[Your task] Copy exactly the lines of the data below, beginning with the line with "Miesten mustanpuhuva Gant" and ending with the line with "同步進(jìn)行的BMI指". Pictures are to be omitted.

[Available records]
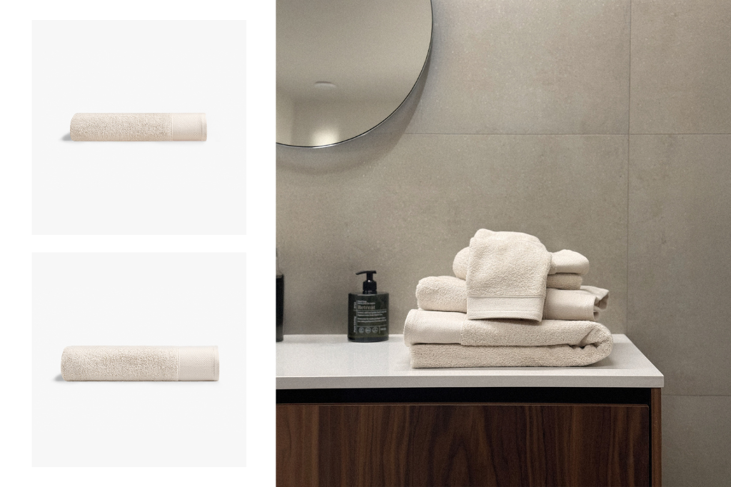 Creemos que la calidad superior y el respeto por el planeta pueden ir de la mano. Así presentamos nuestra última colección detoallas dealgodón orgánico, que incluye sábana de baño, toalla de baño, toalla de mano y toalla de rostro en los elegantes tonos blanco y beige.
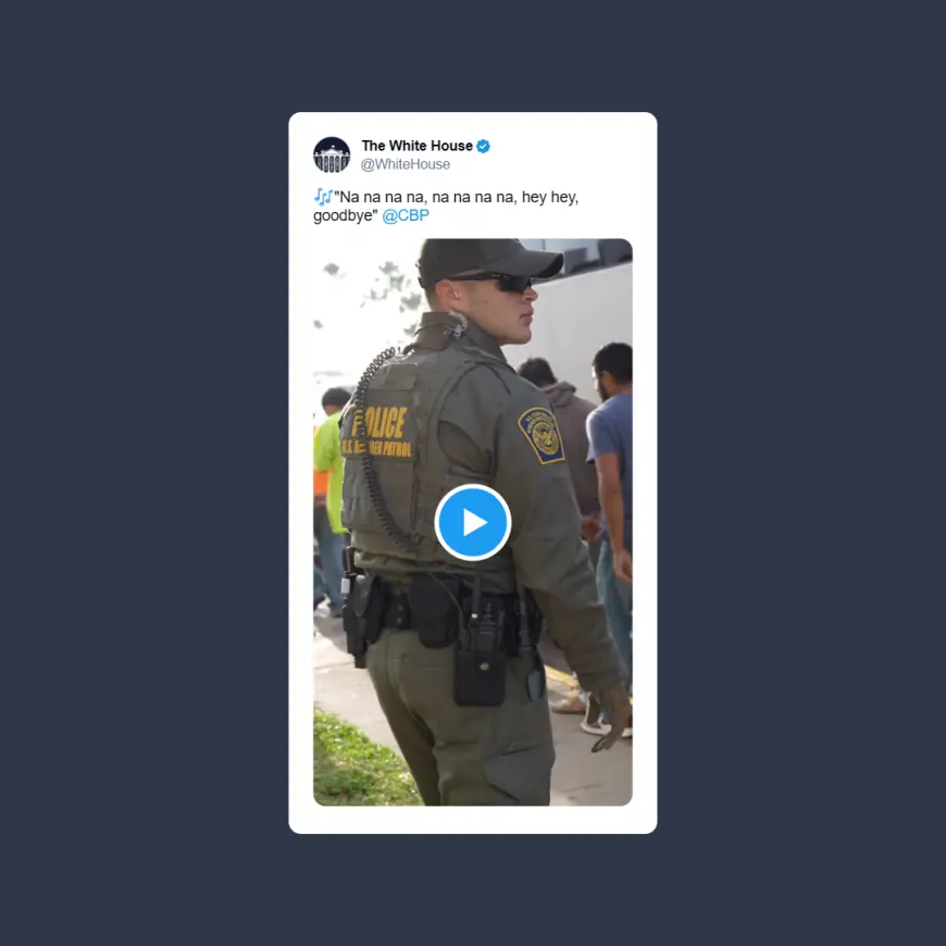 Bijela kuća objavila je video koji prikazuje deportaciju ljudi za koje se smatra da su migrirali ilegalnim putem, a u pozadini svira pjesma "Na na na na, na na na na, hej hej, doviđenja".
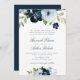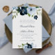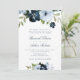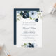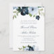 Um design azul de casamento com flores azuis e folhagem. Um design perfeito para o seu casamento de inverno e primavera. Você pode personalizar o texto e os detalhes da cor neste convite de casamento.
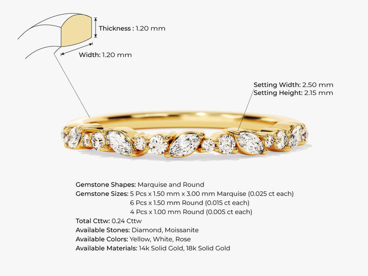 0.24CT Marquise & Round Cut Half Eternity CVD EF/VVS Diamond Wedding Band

==

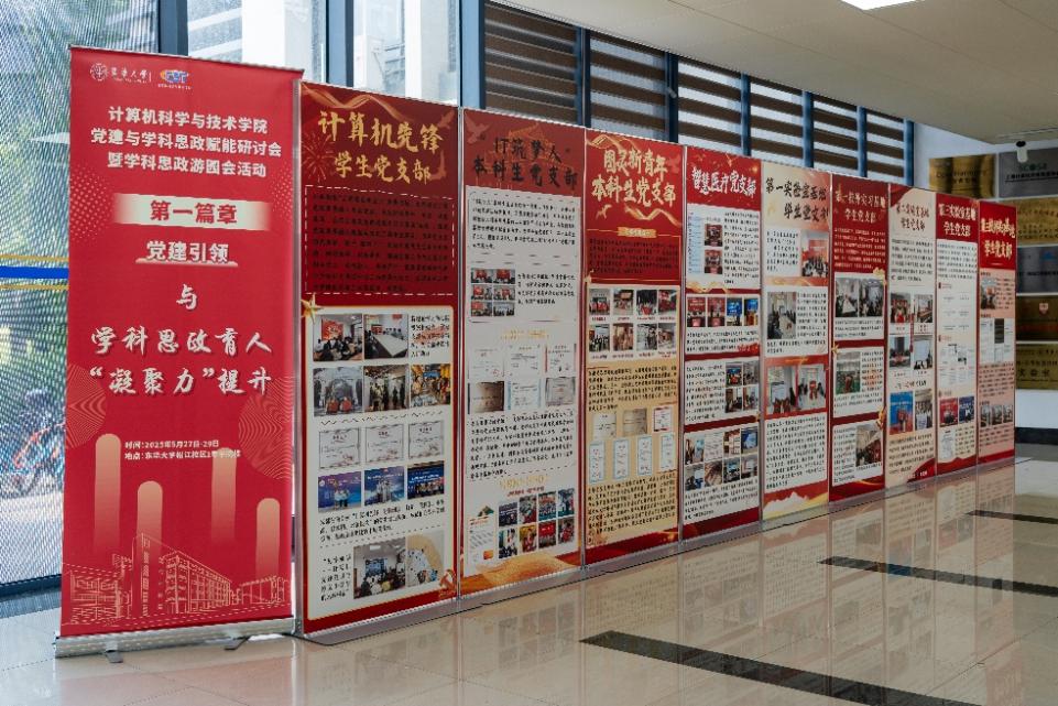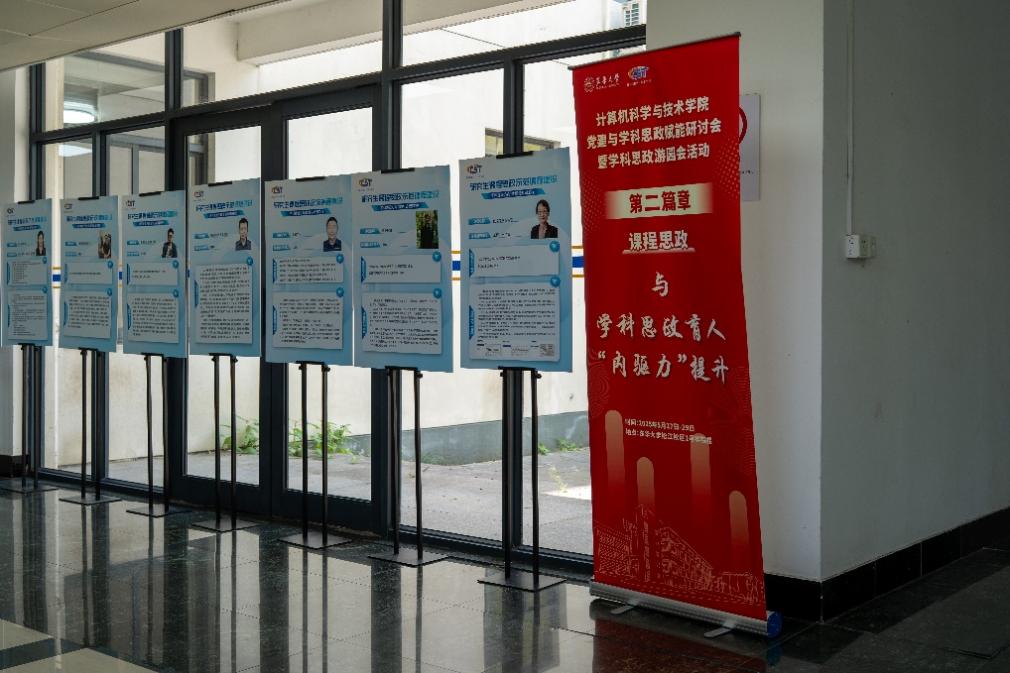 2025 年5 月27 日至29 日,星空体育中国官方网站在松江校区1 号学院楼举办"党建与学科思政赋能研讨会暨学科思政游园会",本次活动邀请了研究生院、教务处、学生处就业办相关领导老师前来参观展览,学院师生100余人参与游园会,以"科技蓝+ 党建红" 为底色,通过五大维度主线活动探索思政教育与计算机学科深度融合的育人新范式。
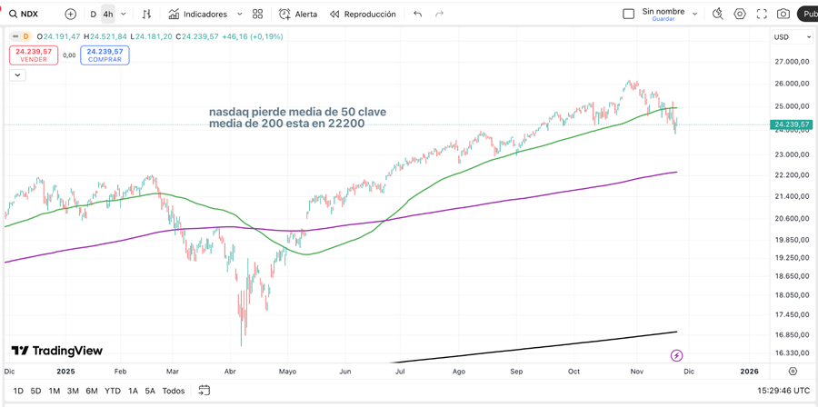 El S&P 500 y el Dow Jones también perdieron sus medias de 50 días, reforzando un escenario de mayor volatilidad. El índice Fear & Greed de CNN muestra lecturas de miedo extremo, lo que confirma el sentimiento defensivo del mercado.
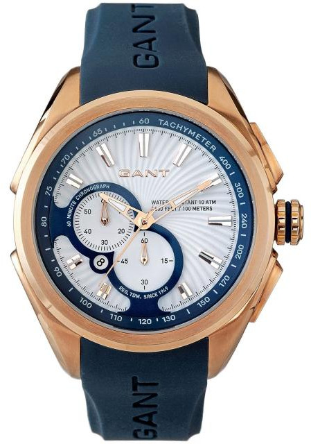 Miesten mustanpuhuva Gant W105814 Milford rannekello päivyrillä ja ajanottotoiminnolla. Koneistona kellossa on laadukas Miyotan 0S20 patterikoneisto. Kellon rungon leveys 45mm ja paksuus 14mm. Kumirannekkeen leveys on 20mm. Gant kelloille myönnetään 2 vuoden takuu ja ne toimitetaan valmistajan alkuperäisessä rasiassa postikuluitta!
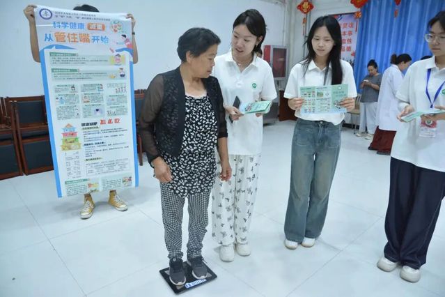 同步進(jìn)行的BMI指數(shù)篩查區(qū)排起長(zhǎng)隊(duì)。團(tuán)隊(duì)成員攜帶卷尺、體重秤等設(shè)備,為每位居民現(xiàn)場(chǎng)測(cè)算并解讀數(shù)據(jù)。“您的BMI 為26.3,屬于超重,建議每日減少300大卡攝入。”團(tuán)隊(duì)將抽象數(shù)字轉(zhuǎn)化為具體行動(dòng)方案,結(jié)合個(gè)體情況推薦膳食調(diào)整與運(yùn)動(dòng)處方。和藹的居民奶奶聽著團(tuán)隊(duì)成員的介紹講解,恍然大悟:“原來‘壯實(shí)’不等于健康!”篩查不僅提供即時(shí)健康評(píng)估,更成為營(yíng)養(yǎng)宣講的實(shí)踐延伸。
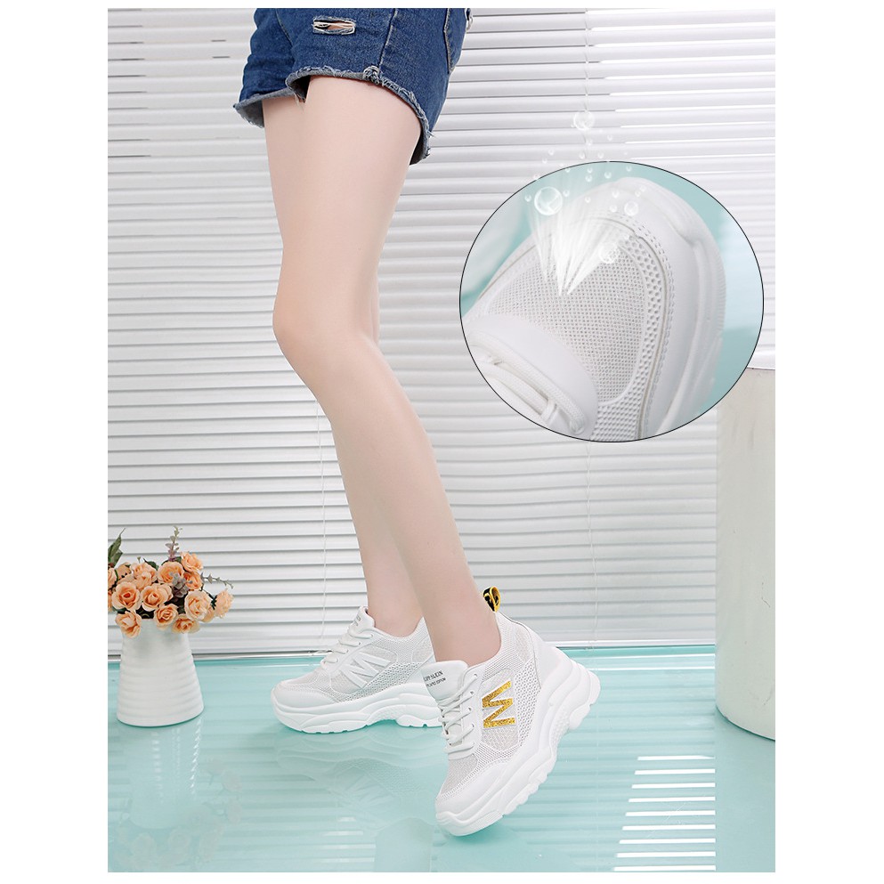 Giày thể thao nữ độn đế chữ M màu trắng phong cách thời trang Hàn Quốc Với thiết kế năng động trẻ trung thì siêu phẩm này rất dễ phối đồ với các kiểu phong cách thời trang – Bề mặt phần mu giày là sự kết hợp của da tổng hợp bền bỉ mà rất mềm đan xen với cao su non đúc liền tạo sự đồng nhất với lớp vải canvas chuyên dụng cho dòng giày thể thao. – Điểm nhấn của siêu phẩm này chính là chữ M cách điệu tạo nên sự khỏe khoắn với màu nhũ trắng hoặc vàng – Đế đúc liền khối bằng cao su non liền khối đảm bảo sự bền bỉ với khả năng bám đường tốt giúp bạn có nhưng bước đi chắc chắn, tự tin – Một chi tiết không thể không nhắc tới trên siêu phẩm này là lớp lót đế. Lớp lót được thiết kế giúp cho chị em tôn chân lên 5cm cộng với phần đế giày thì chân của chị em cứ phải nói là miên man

---

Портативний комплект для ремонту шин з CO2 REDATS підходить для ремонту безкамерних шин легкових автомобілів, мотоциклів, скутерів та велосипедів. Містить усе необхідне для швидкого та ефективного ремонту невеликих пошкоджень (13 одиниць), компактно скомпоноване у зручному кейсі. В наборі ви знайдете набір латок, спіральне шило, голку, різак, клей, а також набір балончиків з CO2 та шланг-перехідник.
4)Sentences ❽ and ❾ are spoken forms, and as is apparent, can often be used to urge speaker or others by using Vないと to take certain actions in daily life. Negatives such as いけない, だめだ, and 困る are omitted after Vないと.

[Result of the task]
 Miesten mustanpuhuva Gant W105814 Milford rannekello päivyrillä ja ajanottotoiminnolla. Koneistona kellossa on laadukas Miyotan 0S20 patterikoneisto. Kellon rungon leveys 45mm ja paksuus 14mm. Kumirannekkeen leveys on 20mm. Gant kelloille myönnetään 2 vuoden takuu ja ne toimitetaan valmistajan alkuperäisessä rasiassa postikuluitta!
 同步進(jìn)行的BMI指數(shù)篩查區(qū)排起長(zhǎng)隊(duì)。團(tuán)隊(duì)成員攜帶卷尺、體重秤等設(shè)備,為每位居民現(xiàn)場(chǎng)測(cè)算并解讀數(shù)據(jù)。“您的BMI 為26.3,屬于超重,建議每日減少300大卡攝入。”團(tuán)隊(duì)將抽象數(shù)字轉(zhuǎn)化為具體行動(dòng)方案,結(jié)合個(gè)體情況推薦膳食調(diào)整與運(yùn)動(dòng)處方。和藹的居民奶奶聽著團(tuán)隊(duì)成員的介紹講解,恍然大悟:“原來‘壯實(shí)’不等于健康!”篩查不僅提供即時(shí)健康評(píng)估,更成為營(yíng)養(yǎng)宣講的實(shí)踐延伸。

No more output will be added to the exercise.